Anyone familiar with Jobtracker knows that during Job initialization, EagerTaskInitializationListener locks JobInProgress and then performs InitTask. For details, please refer to the code. One step here is to write initial data to hdfs and flush it, while the Update Thread of Fairscheduler updates Resources in the resource pool, it holds the exclusive lock of JobTracker and Fairscheduler and then computes the resources of each resource pool, when calculating running_map/running_reduce, You need to obtain the corresponding JobInProgress lock. Readers may not understand why I want to talk about this. The problem is here.

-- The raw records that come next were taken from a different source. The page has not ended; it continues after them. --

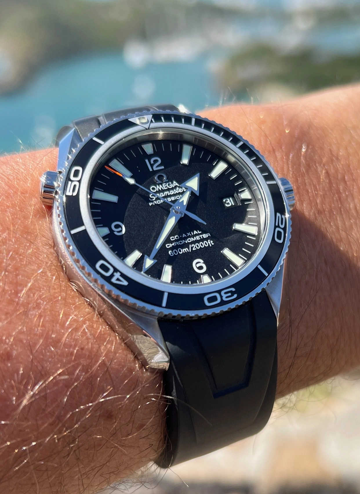 22254.50 - For 15 years this has been my go to-reliable, versatile, comfortable and full of character. The only real miss by Omega, in my opinion, are the large numerals on the dial. This has been pointed out by many others over the years, and while they have always bothered me, I've never been able to justify modifying it. I've considered a bezel swap many times, but I personally prefer to keep all watches in their original form. And while its undeniably a tool watch, the sleek design and classic proportions make it just as at home with a tuxedo as it is with a t shirt.
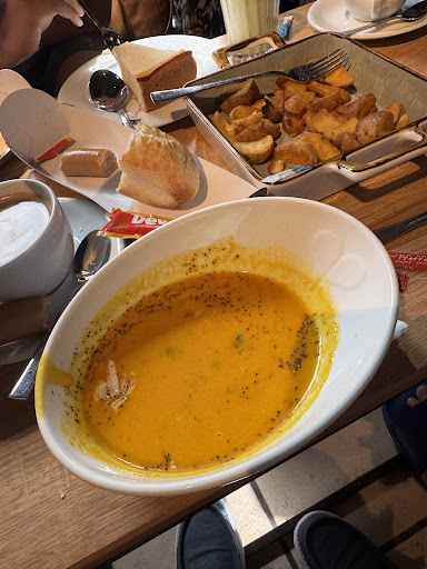 It was terrible. First of all, I ordered a potato soup, but they gave me a pumpkin soup with coconut instead. When I asked why I received pumpkin soup, the rude waitress insisted it was potato soup — even though it clearly had pumpkin and pieces of coconut in it.It was orange pumpkin soup with pieces of cocos((
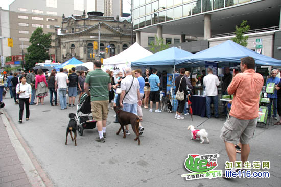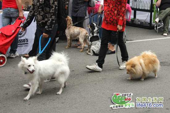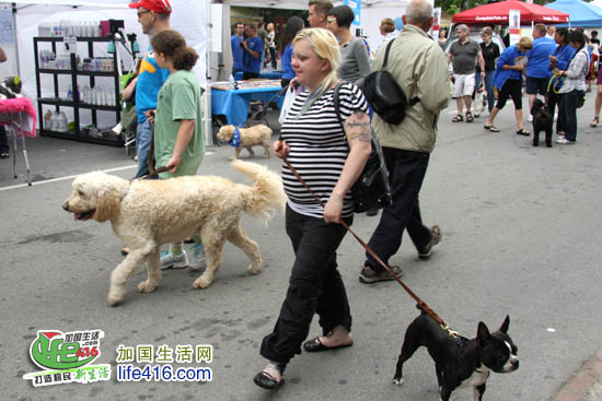 在宠物犬狂欢节中,最高兴的要数狗狗们了,它们遇到了同类,享受到了关爱,成了真正的明星。在Dog Show上,有狗粮、狗营养品、狗服装、狗玩具、狗卧具、狗交通工具、狗化妆品的帐篷,还有狗的训练课程、狗的保健课程以及为狗寻找合适配偶的场所……作为加拿大的狗狗们,简直幸福得像花儿一样……

When processing dynamic partitions, Hive mainly goes through the following steps: tablescan-> filesink-> movetask
When filesink is performed, it is processed according to the record, and Npart will be initiated) record writer and then start to process dynamic partition fields, that is, the dt here, if dt is continuous, open a block to start writing. Otherwise, close the current block and open the block of the new dir to continue writing, in this case, if dt is not continuous and the number of records is large, a large number of files will be generated, resulting in hdfs load elevation, which matches with the current hdfs monitoring:
Current Cluster load:
Number of files generated at that time:
In this case, JobInProgress is locked, and JobTracker is locked. As a result, JobTracker Hang is suspended!
How can this problem be solved? Using distributeby dt to sort the same dt together and then perform filesink will not produce a large number of small files.